__Work task__.
Each line of the data must be written out again verbatim; no image belongs in the copy.

__Given information__.

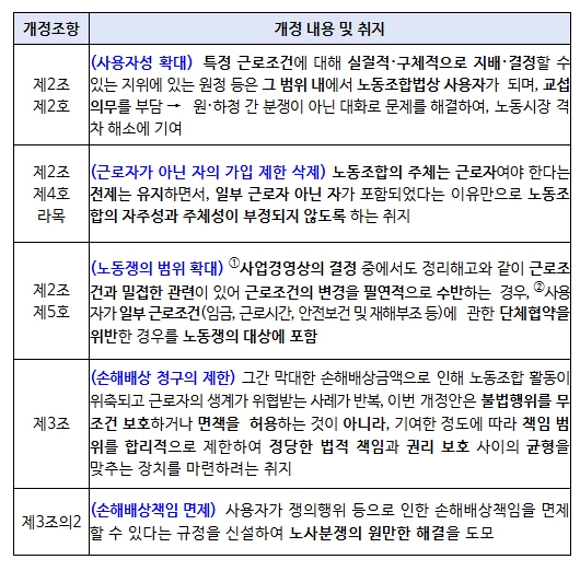 ▲ 노동조합법 개정 취지 및 주요 조항의 내용 |
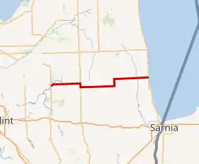 M-90 starts at an intersection with M-24 in Deerfield Township in northern Lapeer County. The intersection is near the Lapeer State Game Area. After a short jog northeast to cross the Flint River, it runs due east on North Branch Road through rural farmland. The highway passed through North Branch on its way to M-53 in Burnside Township. There it turns south and runs concurrently with M-53 on Van Dyke Road for about 1.5 miles (2.4 km) before turning east on Burnside Road. M-90 continues east to pass through Brown City near the Sanilac County line.[3][4] In Brown City, M-90 follows Main Street and crosses a branch of the Huron and Eastern Railway before it becomes Burns Line Road.[4][5] South of Peck, M-90 turns north along M-19 on Brockway Road. M-90 once again turns east as a solo route on the east side of Peck and follows Peck Road. The trunkline crosses the Black River on the south side of Croswell before ending at M-25 near Lake Huron in Lexington.[3][4]
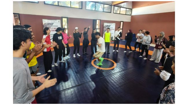 En complément aux ateliers pratiques, un module consacré à la culture Hip Hop a été animé par Frieda Frost, chorégraphe, juge olympique et vice-championne d’Allemagne de Breaking, offrant aux élèves une immersion dans les valeurs fondatrices de ce mouvement culturel.
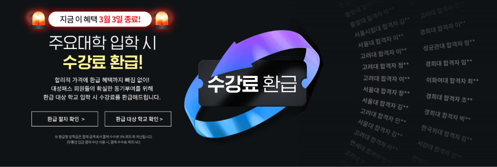 그래서 수강료 환급을 제외한 비환급형 패스라는 스마트 대성패스가 출시되었습니다.
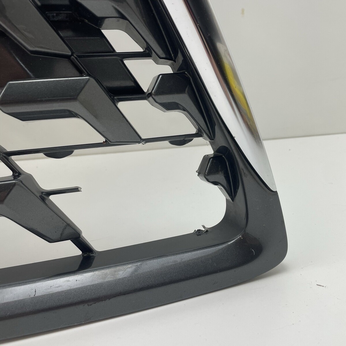 Condition is used, upper grill is in good condition with no breaks. lower grill is broken but still usable. Has part of the grille missing in the lower left corner, and has a couple broken tabs. You can use as is or the lower grill is able to be removed and source a replacement. Please see all photos for complete details.
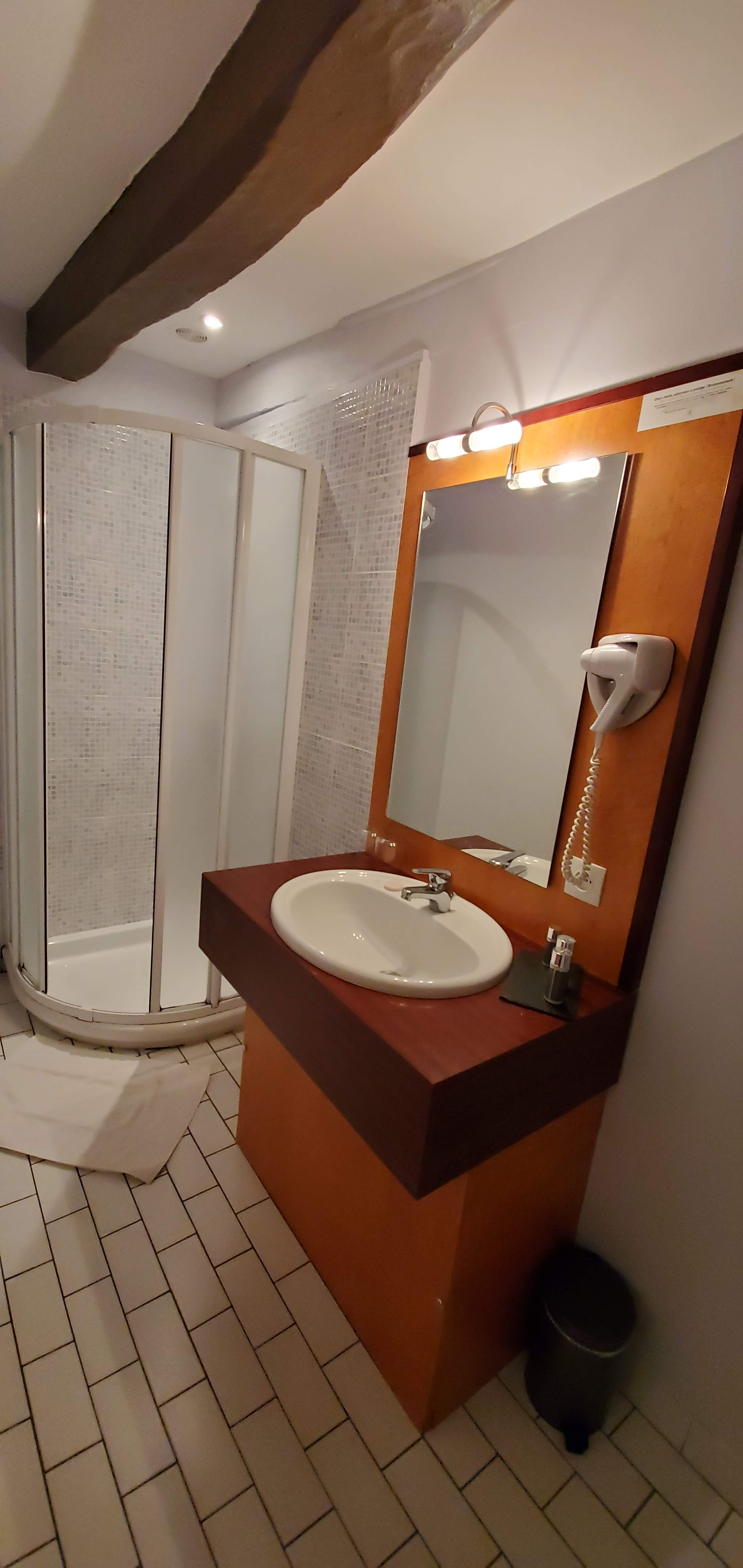 Pas de rideau de douche, salle de bain trop petite donc on ne pouvait se doucher que dans la baignoire. Les toilettes étaient dans un coin très exigu. Il manquait un porte-rouleau de papier toilette. Le petit déjeuner était insuffisant, nous avons retrouvé les restes. Plus de baguette, plus de lait avec du café, plus de fruits, plus de fromage. Il y avait des croissants brûlés. Seul le yaourt d'une tasse d'une marque bien connue était savoureux. Il restait un demi-verre de jus d'orange. Nous étions 2 personnes et avons payé 9 € par personne.
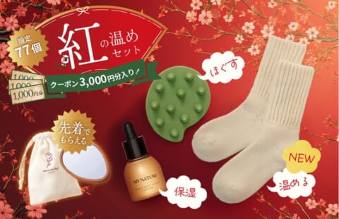 マイナチュレは、冬の冷え込みに寄り添う「外からケアの紅」と「内からケアの白」の2種類の温活福袋を用意しました。それぞれのセット内容をご紹介します。
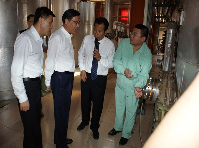 In the morning, Mr. governor Jiang Jianqing and the deputy governor Mr. Zhang Jiehui visited the subpackage center which can process 500 thousand tons of cooking oil per year, refining plant and modern grain logistics projects. During the visit, the president of Hopefull Mr. Shi Kerong made a specific introduction about our products, equipments, and production processes.

__Result of the exercise__.
 ▲ 노동조합법 개정 취지 및 주요 조항의 내용 |
 M-90 starts at an intersection with M-24 in Deerfield Township in northern Lapeer County. The intersection is near the Lapeer State Game Area. After a short jog northeast to cross the Flint River, it runs due east on North Branch Road through rural farmland. The highway passed through North Branch on its way to M-53 in Burnside Township. There it turns south and runs concurrently with M-53 on Van Dyke Road for about 1.5 miles (2.4 km) before turning east on Burnside Road. M-90 continues east to pass through Brown City near the Sanilac County line.[3][4] In Brown City, M-90 follows Main Street and crosses a branch of the Huron and Eastern Railway before it becomes Burns Line Road.[4][5] South of Peck, M-90 turns north along M-19 on Brockway Road. M-90 once again turns east as a solo route on the east side of Peck and follows Peck Road. The trunkline crosses the Black River on the south side of Croswell before ending at M-25 near Lake Huron in Lexington.[3][4]
 En complément aux ateliers pratiques, un module consacré à la culture Hip Hop a été animé par Frieda Frost, chorégraphe, juge olympique et vice-championne d’Allemagne de Breaking, offrant aux élèves une immersion dans les valeurs fondatrices de ce mouvement culturel.
 그래서 수강료 환급을 제외한 비환급형 패스라는 스마트 대성패스가 출시되었습니다.
 Condition is used, upper grill is in good condition with no breaks. lower grill is broken but still usable. Has part of the grille missing in the lower left corner, and has a couple broken tabs. You can use as is or the lower grill is able to be removed and source a replacement. Please see all photos for complete details.
 Pas de rideau de douche, salle de bain trop petite donc on ne pouvait se doucher que dans la baignoire. Les toilettes étaient dans un coin très exigu. Il manquait un porte-rouleau de papier toilette. Le petit déjeuner était insuffisant, nous avons retrouvé les restes. Plus de baguette, plus de lait avec du café, plus de fruits, plus de fromage. Il y avait des croissants brûlés. Seul le yaourt d'une tasse d'une marque bien connue était savoureux. Il restait un demi-verre de jus d'orange. Nous étions 2 personnes et avons payé 9 € par personne.
 マイナチュレは、冬の冷え込みに寄り添う「外からケアの紅」と「内からケアの白」の2種類の温活福袋を用意しました。それぞれのセット内容をご紹介します。
 In the morning, Mr. governor Jiang Jianqing and the deputy governor Mr. Zhang Jiehui visited the subpackage center which can process 500 thousand tons of cooking oil per year, refining plant and modern grain logistics projects. During the visit, the president of Hopefull Mr. Shi Kerong made a specific introduction about our products, equipments, and production processes.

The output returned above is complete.